Как ни странно, меня подначивал Слуцкий, настоящий сводня, хотя по природе, несмотря на военный опыт и женатый статус (в Коктебеле всегда бывал с Таней Дашковской, если она не болела: рак лимфоузлов, от которого и умерла), девственного сознания человек. И вот этот, метафорически выражаясь, девственник, которого до седых волос удивляла способность женщин раздвигать колени перед случайным партнером (см. его «деловую прозу»), попытался стать моим сводником. Одно ему оправдание – это было до его знакомства с Леной Клепиковой, которой он потом всячески покровительствовал как молодой женщине, отбивая от нее в мое отсутствие приставал разного свойства, и как молодому литератору, тяня ее в Союз писателей («А то всё евреи да евреи…»), но не дотянул – мы дали тягу. А меня он чуть ли не на следующий день знакомства свел с художницей Кларой, мы подружились, она жила в поселке, но каждый день перебиралась ко мне на балкон, мы невинно болтали. Подходил Слуцкий с регулярным вопросом:
– Ну как, уже переспали? – смущая и подталкивая нас друг к другу.

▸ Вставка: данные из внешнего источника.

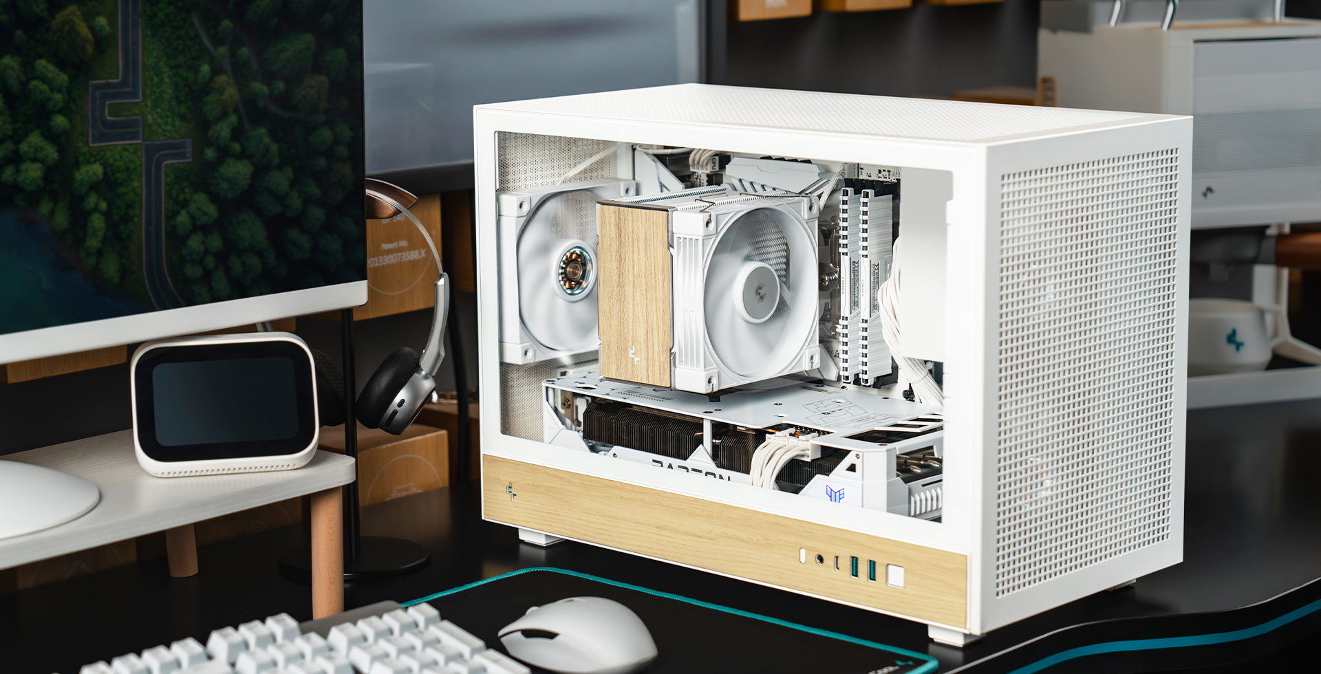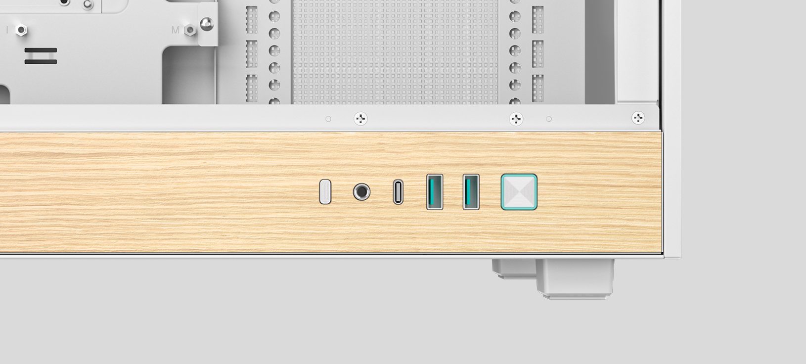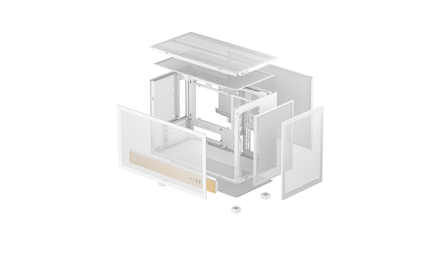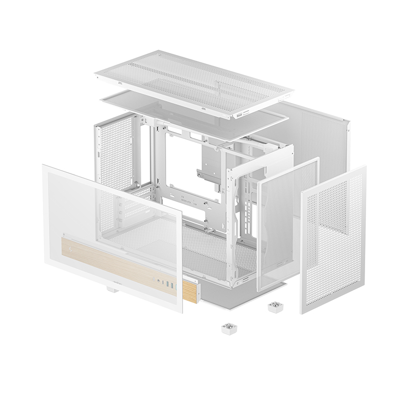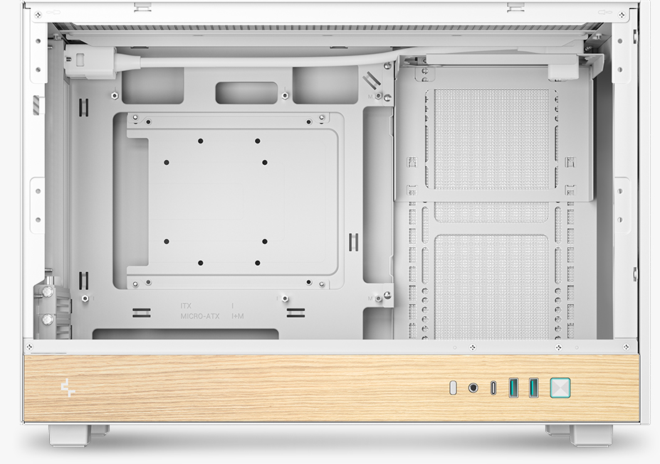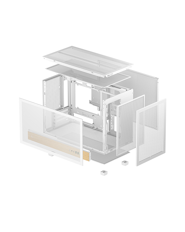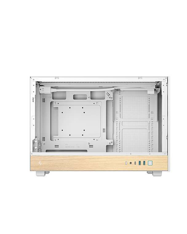 CH260 WOOD WH配备钢化玻璃侧板,可更好的展示内部硬件,而顶部与前面板均可自由搭配PIXEL系列像素颗粒。该机箱同时支持背插主板,背板区域预留了29.6MM的充裕走线空间。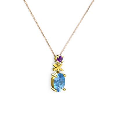Akuamarin ve ametist 8 ayar altın kolye (40 cm rose altın rolo zincir)

Ничего меж нами так и не произошло, отчасти, думаю, из-за него, вдобавок я положил глаз на другую незанятую девицу и легко добился взаимности, и Слуцкий, догадываясь, вслух поражался моему дурному вкусу. Жена Булата в кандидатках не числилась, была как бы бесполым существом и простаивала почем зря, сублимируя сексуальную энергию в общественно-интриганскую. Я корил Камила за то, что он, холостяк поневоле, не исполняет долг дружбы. Самодовольная ухмылка сияла на его жирной узбекской (хоть и еврей наполовину) физии, тем более никогда не снимал тюбетейку. В отличие от большинства из нас он жил один, но свою «хату» использовал, собирая нас в круг, сам в своей неизменной тюбетейке садился, скрестив ноги, посередке, а мы, зная уже его тюремные и лагерные (и не только) байки, заказывали ему, какую именно. Из повстречавшихся мне в жизни рассказчиков (еще Довлатов и Рейн, и теперь вот, в Нью-Йорке, Саша Грант) Камил был, безусловно, самый гениальный. Его байки на глазах превращались в мифологемы, а мифологемы складывались в мифологию: «Мифы сталинской России». Припоминаю его байки о лагерных бля*ях, о том, как со сцены тюремной самодеятельности читал он беспашпортным гражданам стих Маяковского о советском паспорте, или как заключенный-конферансье обратился со сцены к сидящему в первом ряду начальнику тюрьмы: «Товарищ…» – «Гусь свинье не товарищ», – окрысился полковник. «Улетаю, улетаю…» И, взмахнув руками, как крыльями, конферансье улетел-угодил со сцены прямиком в карцер на две недели. Либо о гордом Камиловом отце, который посадил его мальчонкой на коня без седла, и Камил стер в кровь мошонку, но ни жалоб, ни слез, бедный малыш, а Камил, став взрослым, горд гордостью своего отца, и все эти мои пересказы – тень тени, как бы сказал известно кто.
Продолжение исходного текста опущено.